— Сегодня тянешь… Бывало, ты ко мне с разбегу влетал. А сегодня я тебя… — отец помедлил, выбирая верное слово, — …развлекаю, как гостя.

Недоброе воспоминание послышалось Николаю в отцовском голосе. О чём припомнил отец? Не о том ли, как Николай однажды влетел к нему с отчаянным разговором о той женщине с рудника… Никогда Николай не видел Бурнашова таким растерянным и виноватым, как в тот вечер. Николай выпалил ему привычное: «Я хочу, чтобы ты знал, что я это знаю». И ещё: «Хочу, чтобы мама не знала». И ещё: «Я уеду, убегу отсюда, если это не кончится». Ему было тогда пятнадцать, как Володьке сейчас. С тех пор прошло много лет, и матери давно нет в живых, но отец никого не привел в дом на её место.

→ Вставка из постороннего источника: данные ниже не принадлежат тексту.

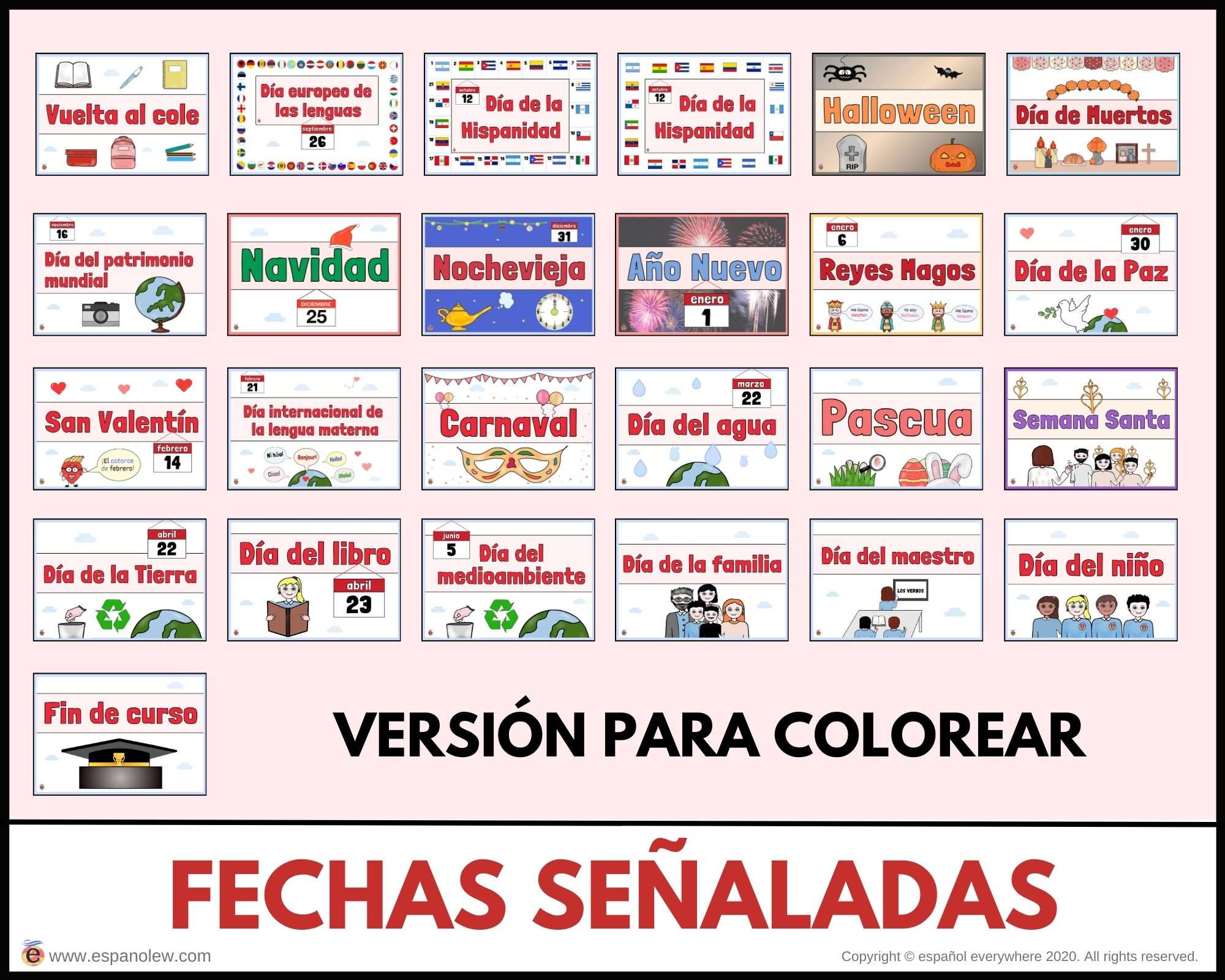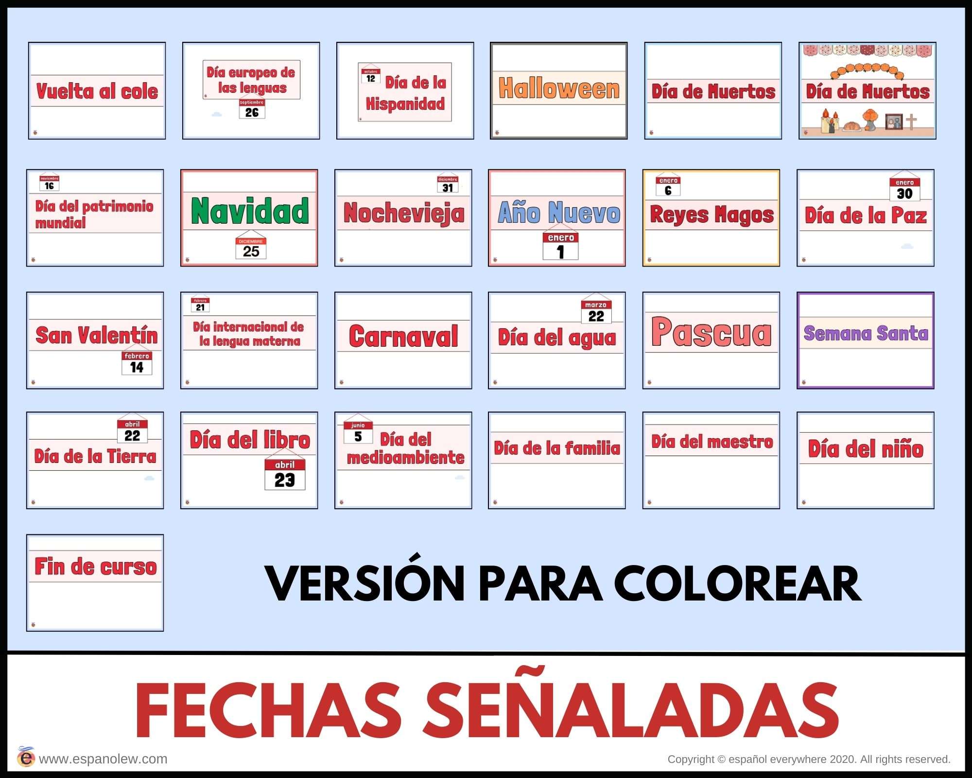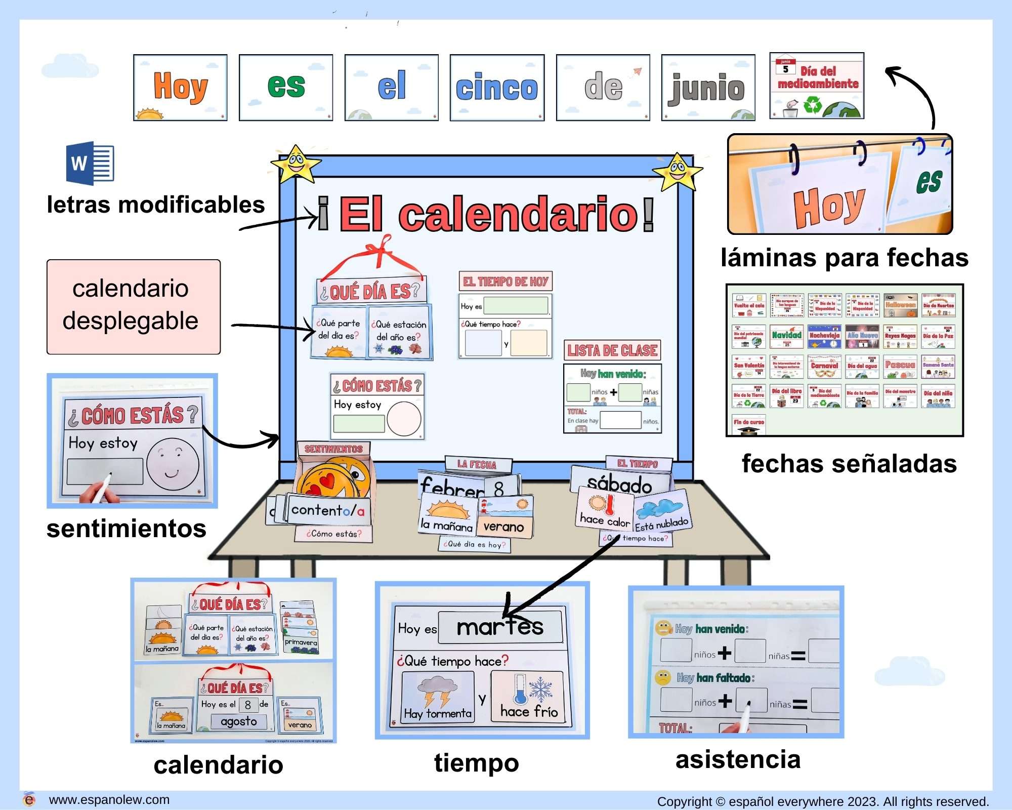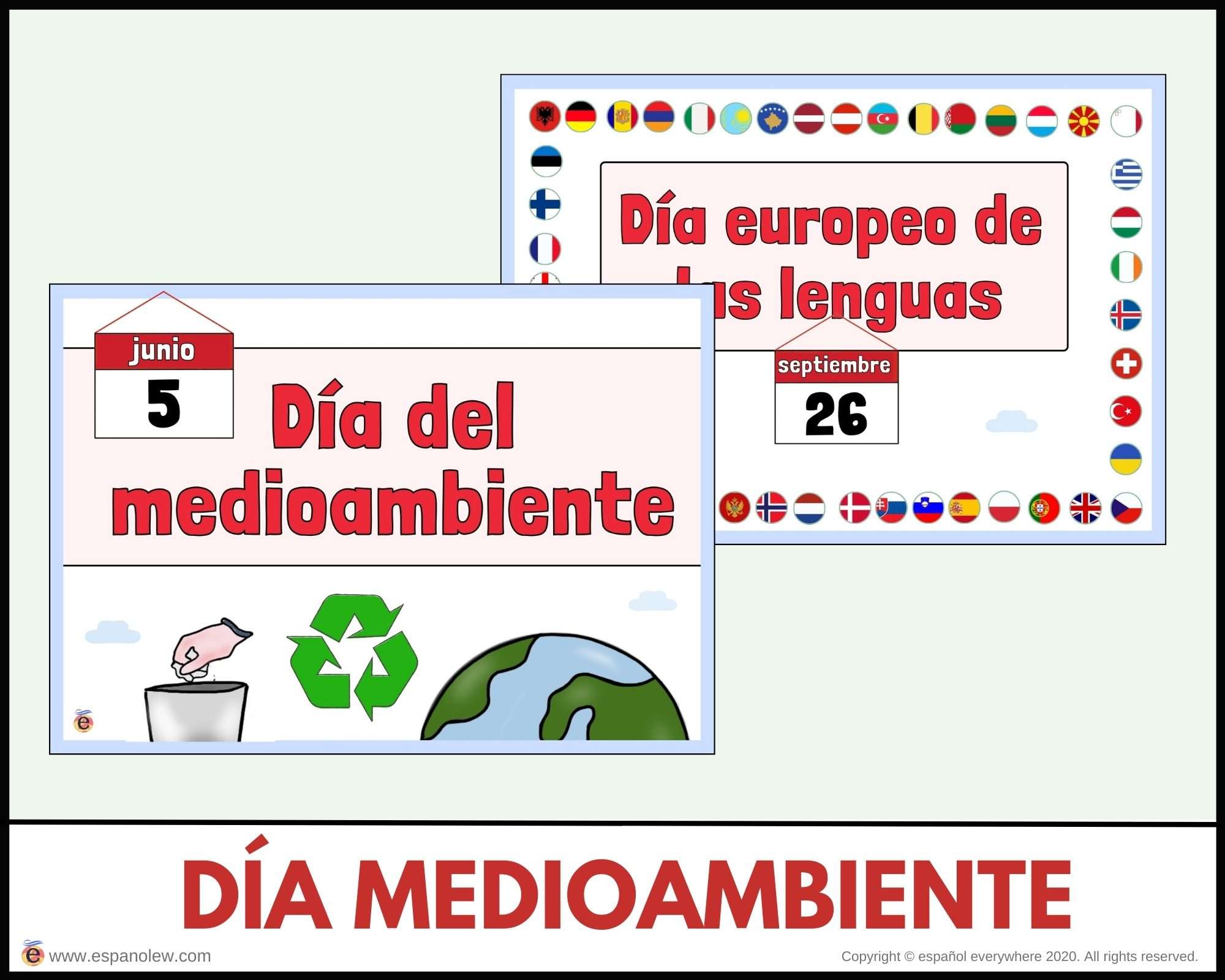 Además, incluye carteles con fechas señaladas, que puedes añadir a la fecha del día y cambiar diariamente o cuando sea la festividad, haciendo que el rincón de fechas sea dinámico y divertido.

Пора было начинать сейчас или не начинать вовсе. Николая испугала возможность отступления, и он заторопился выговориться сразу, начистоту:

— Я хотел сказать тебе про Володьку. Он стал слишком пользоваться твоим именем. Ты сейчас, вот здесь, вот только что говорил мне, что не надо мельчить. Да, ты о деньгах говорил… Об экономике… Но, согласись, мельчить не надо ни в чем. — Как всегда, первыми срывались незначащие общие слова, они могли только запутать, но не прояснить, какой важный для обоих разговор он оставил на последний вечер. Но Николай никогда не посмел бы перед разговором с отцом обдумать логичное начало, ему казалось недостойным прийти к отцу, заранее рассчитав слова.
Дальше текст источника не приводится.